As the title indicates – I’ve been on Home Assistant for some time and it works, albeit with some little challenges here and there. It works well, I enjoy the location services, etc. I pay the Nabu Casa cost monthly to engage with Alexa as well, which again – also works well.

However, it does tend to flake a little with devices. I have pretty simple devices set up, some ZigBee, and soon to be ZWave (Inovelli switches), and a few WiFi switches (Kasa).

My biggest issue right now has always been the same – local control and speed. I left SmartThings when the server went down one too many times, and while some of the features of having an online connection are great – the reliability is important to me.

Appreciate folks thoughts, I know local control is coming/here(??) but am curious as to the state of it from a usable perspective.

Thanks!

Too soon to tell. The local part of the new platform, called SmartThings Edge, is still in developer beta. There are some community members working with it, but still a lot of glitches and still a lot of features not yet finished. It feels like a good direction, particularly when combined with some amount of support for Matter, but as always, QOS will depend on small details of what’s actually delivered.

See the announcements section of the forum for the official announcements,

and the following topics for discussion of Edge.

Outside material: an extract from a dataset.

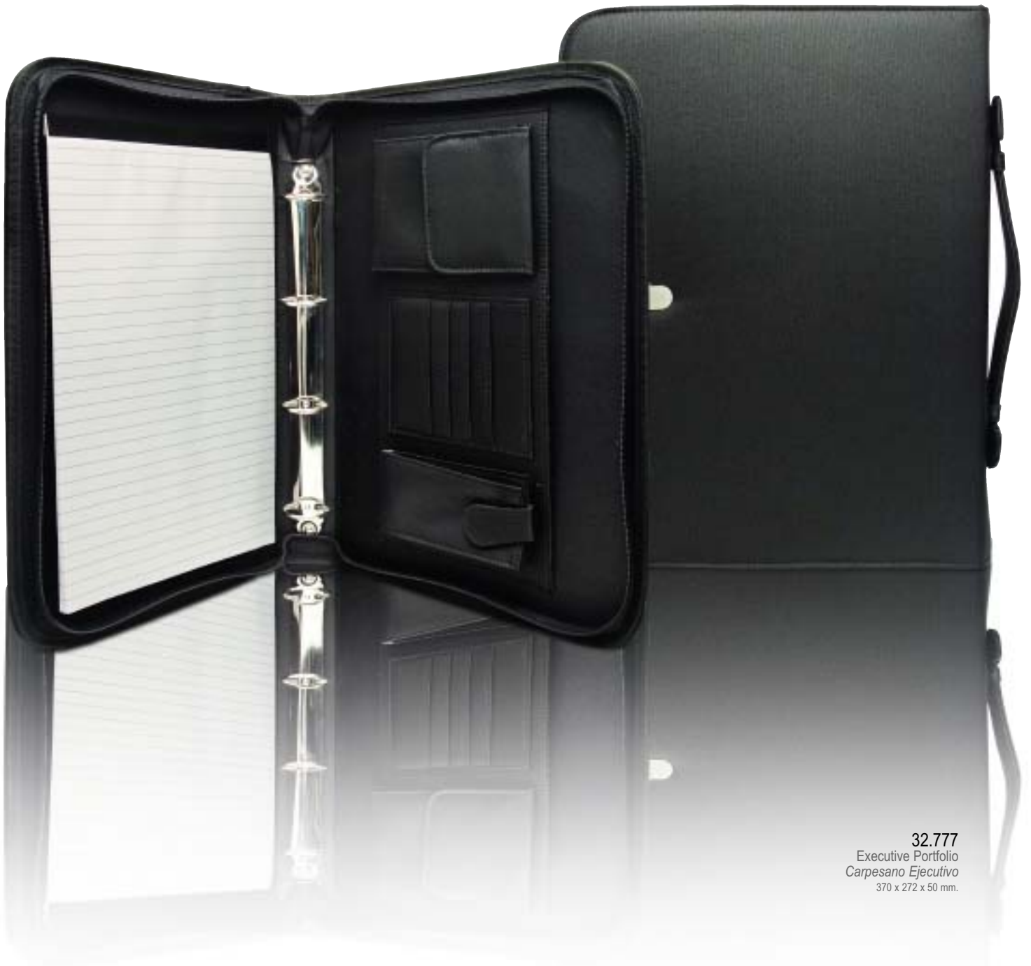
32.777 Executive Portfolio Carpesano Ejecutivo 370 x 272 x 50 mm.

https://community.smartthings.com/tag/edge-device

As far as reliability, it’s about the same as it’s always been: not everything gets posted to the status page, but there is typically a platform level issue every two or three weeks. Each individual issue won’t affect every user every time, and some are worse than others, but it’s often enough that whenever there’s a problem, most people assume it is a platform issue. that may change with Edge or it may not, but as long as they can continue to force send hub updates without giving customers a means to defer or deny them, there are likely going to be some stability issues. :thinking:

https://status.smartthings.com/

As an example of something that doesn’t make it to the status page, something recently changed in how button capabilities are displayed in the app, with many people reporting that buttons now list eight or 10 or even 12 possible actions which don’t actually work and make the UI very cluttered and confusing. Nothing about that hit the status page, even though it’s a known issue.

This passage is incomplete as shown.